Venerdì 15 luglio, presso “Casa aranatu”, si parlerà della mafia catanese con il procuratore Sebastiano Ardita, autore del libro “Catania bene”
A pochi giorni dal 24° anniversario della strage di via D’Amelio, quel 19 luglio 1992 in cui la mafia uccise il giudice Paolo Borsellino e cinque agenti della scorta, l’associazione “Antimafia e Legalità” organizza la presentazione del libro del procuratore Sebastiano Ardita “Catania bene”, che si svolgerà venerdì 15 luglio alle ore 19:30 presso il giardino “Casa aranatu” di via Vittorio Emanuele III n. 207 a Belpasso. Ad intervistare l’autore il giornalista Luciano Mirone.

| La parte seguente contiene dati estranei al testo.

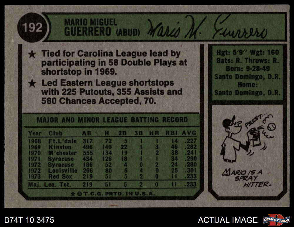1974 Topps #192 Mario Guerrero 6.5 - EX/MT+
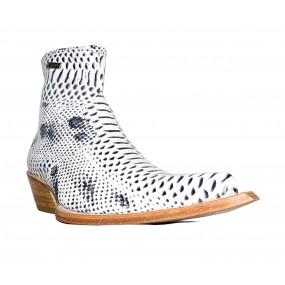 Bota de Couro Bovino Imitação de Cobra Verniz Preta- Cano Alto, Bico Fino, SOLADO DE COURO ARTESANAL
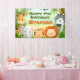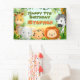 Célébrez l'aventure Safari pour tous les âges. Cette bannière Safari Anniversaire est une prise moderne de la nature sauvage que nous aimons. Chaque élément et arrière - plan sont tous numériquement dessinés pour correspondre et fournir un look de film animé, avec le nom du célébrant indiqué en surbrillance dans le centre pour fournir une touche personnalisée sur la bannière
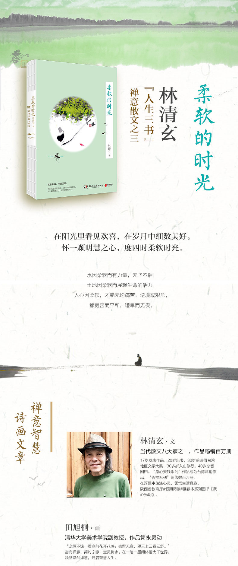 《柔软的时光》是台湾作家林清玄继《我心光明》《让人生无忧》之后,禅意散文系列“人生三书”之三 。因为柔软,我们才能敏感,因为敏感,我们才能觉察到不一样的风吹草动。
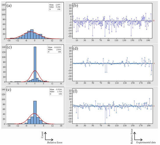 Figure 10 shows the relative error histograms and relative error plots of the predicted stress using one, two, and three hidden layers. The relative errors of the predicted stress obtained by two hidden layers were distributed about zero with the lowest standard deviation (SD) of 2.636 (Figure 10c). The distribution of the relative errors of the predicted stress obtained by the one hidden layer was the widest, with an SD of 5.458 (Figure 10a). In comparison, relative errors of the predicted stress obtained by the three hidden layers (Figure 10e) were narrowly distributed compared with those of one layer and wider than those of two layers. The relative error of the predicted stress using two hidden layers ANN model was lower than that of the other used models, namely, one- and three-layers ANN models (Figure 10b,d,f).
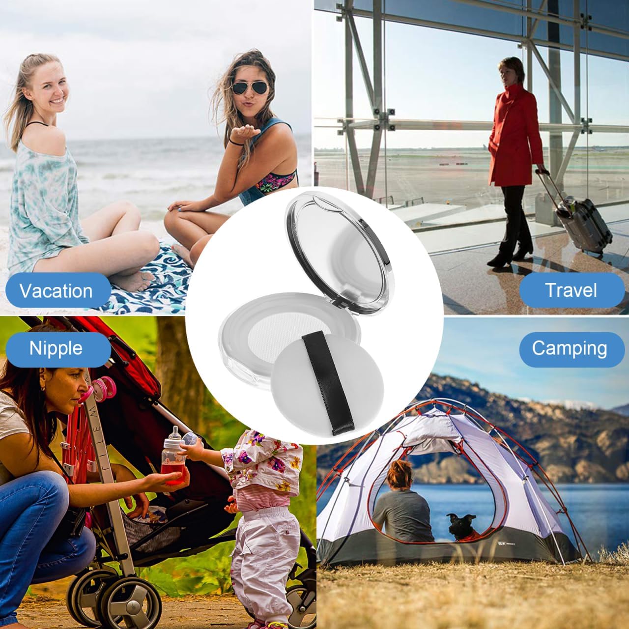- Portable design: This powder container with puff adopts a portable design, which is convenient for you to carry anytime and anywhere, so that you can maintain a makeup look when you travel or go out

In “Catania bene. Storia di un modello mafioso che è diventato dominante” il procuratore Ardita, basandosi sulle esperienze maturate nel corso della sua lunga carriera da magistrato, ricostruisce la storia della mafia del capoluogo etneo, meno conosciuta di quella palermitana, ma ugualmente insidiosa e capace di stragi. Un viaggio nella Catania degli anni Ottanta, in cui il boss Nitto Santapaola ricorre alla fitta trama delle relazioni occulte che coinvolge politici, notabili, imprenditori, i quali trovano in lui il “migliore alleato” per cogestire l’ordine e gli affari.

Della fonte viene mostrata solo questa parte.